**Provided material**
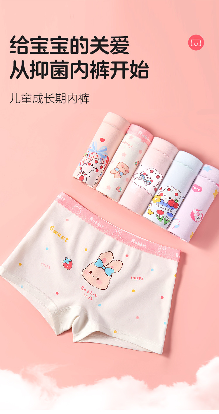 商品名称:【7A抑菌6条装】女童内裤发育期棉质卡通平角裤儿童内裤中大童 445707
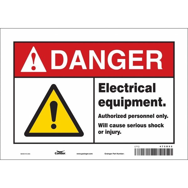 Safety Sign, Vertical Rectangle, Number of Printed Sides 1, English, Sign Format ANSI/OSHA Format, Sign Legend Electrical Equipment. Authorized Personel Only. Will Cause Serious Shock Or Injury., Sign Legend Background Color White, Sign Legend Style Symbol and Text
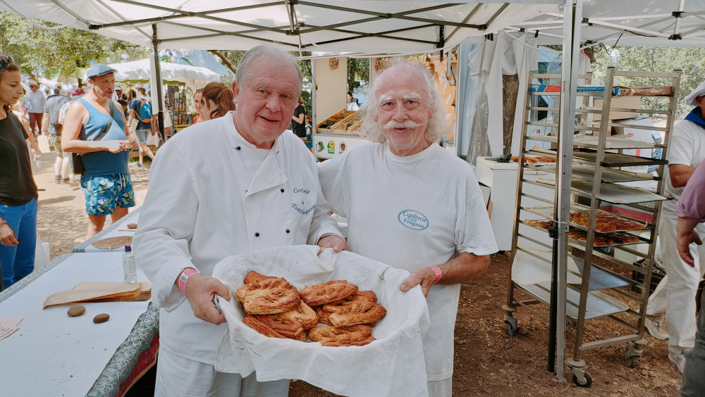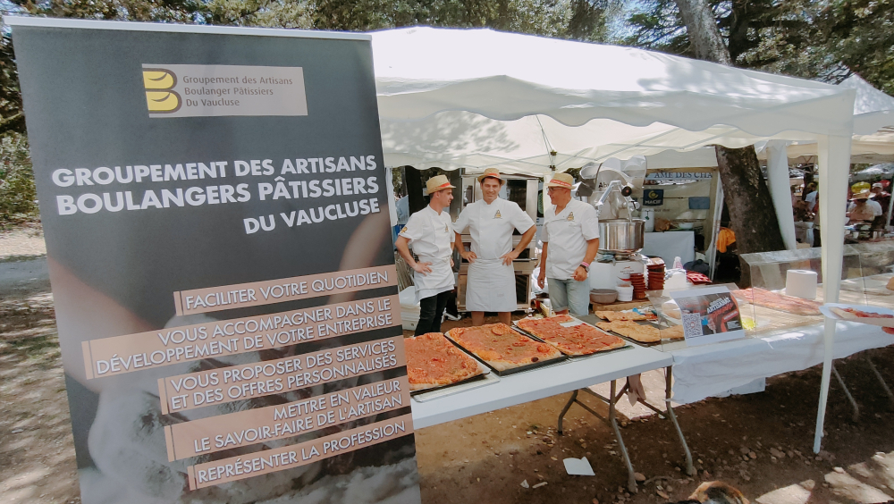 Les pizzas, autres focaccias et brioches, tout juste sorties du four, ne restent pas longtemps sur les étals du Groupement des artisans des boulangers et pâtissiers vauclusiens, où le président, Thierry Despeisse, et ses acolytes mettent les bouchées doubles. Tout comme à la confrérie des Taste Fougasse, où André Boyer, son président, et Christian Eckhout n'arrivent pas à suivre la demande de fougasses, qui ne restent pas une minute sur l'étal : "Nous avons été dévalisés depuis ce matin, je n'ai même pas eu le temps de manger", raconte André Boyer, poursuivant : "Je me suis levé à 5 heures du matin pour aller faire 700 omelettes à Maussane, pour la Carreto Ramado, et j'ai embrayé ici dans la foulée...". Dévalisés aussi au Panier de la Comtesse, où "l'ail noir fait fureur", s'enthousiasme Éric Zivkovic.
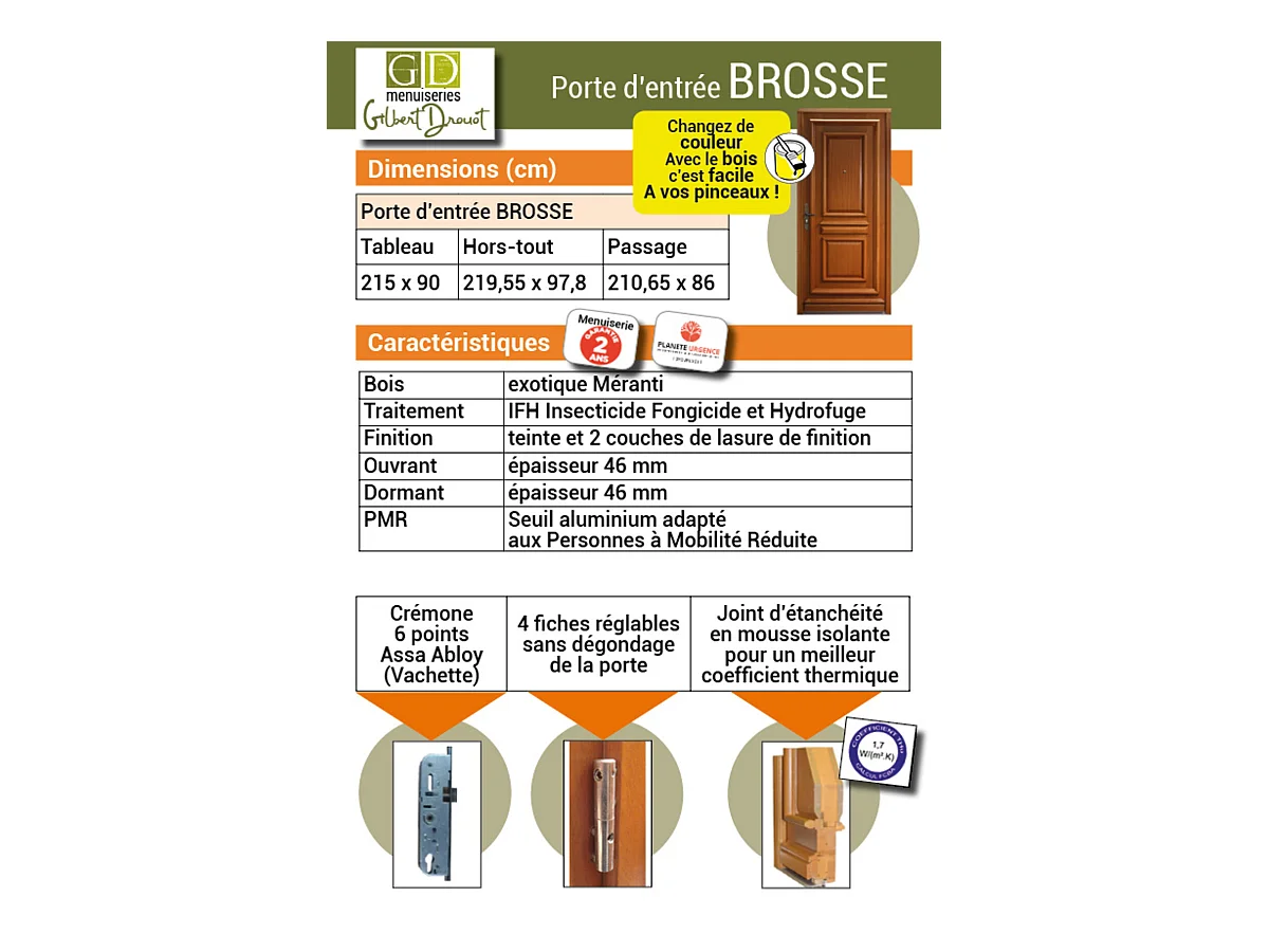 Porte d'entree Bois pleine, Tahi 1, H,215xl,90 p, droit Cotes Tableau

**What this task involves**
Using the material above, set down every line exactly, but skip the pictures.

**Solution to this exercise**
 商品名称:【7A抑菌6条装】女童内裤发育期棉质卡通平角裤儿童内裤中大童 445707
 Safety Sign, Vertical Rectangle, Number of Printed Sides 1, English, Sign Format ANSI/OSHA Format, Sign Legend Electrical Equipment. Authorized Personel Only. Will Cause Serious Shock Or Injury., Sign Legend Background Color White, Sign Legend Style Symbol and Text
 Les pizzas, autres focaccias et brioches, tout juste sorties du four, ne restent pas longtemps sur les étals du Groupement des artisans des boulangers et pâtissiers vauclusiens, où le président, Thierry Despeisse, et ses acolytes mettent les bouchées doubles. Tout comme à la confrérie des Taste Fougasse, où André Boyer, son président, et Christian Eckhout n'arrivent pas à suivre la demande de fougasses, qui ne restent pas une minute sur l'étal : "Nous avons été dévalisés depuis ce matin, je n'ai même pas eu le temps de manger", raconte André Boyer, poursuivant : "Je me suis levé à 5 heures du matin pour aller faire 700 omelettes à Maussane, pour la Carreto Ramado, et j'ai embrayé ici dans la foulée...". Dévalisés aussi au Panier de la Comtesse, où "l'ail noir fait fureur", s'enthousiasme Éric Zivkovic.
 Porte d'entree Bois pleine, Tahi 1, H,215xl,90 p, droit Cotes Tableau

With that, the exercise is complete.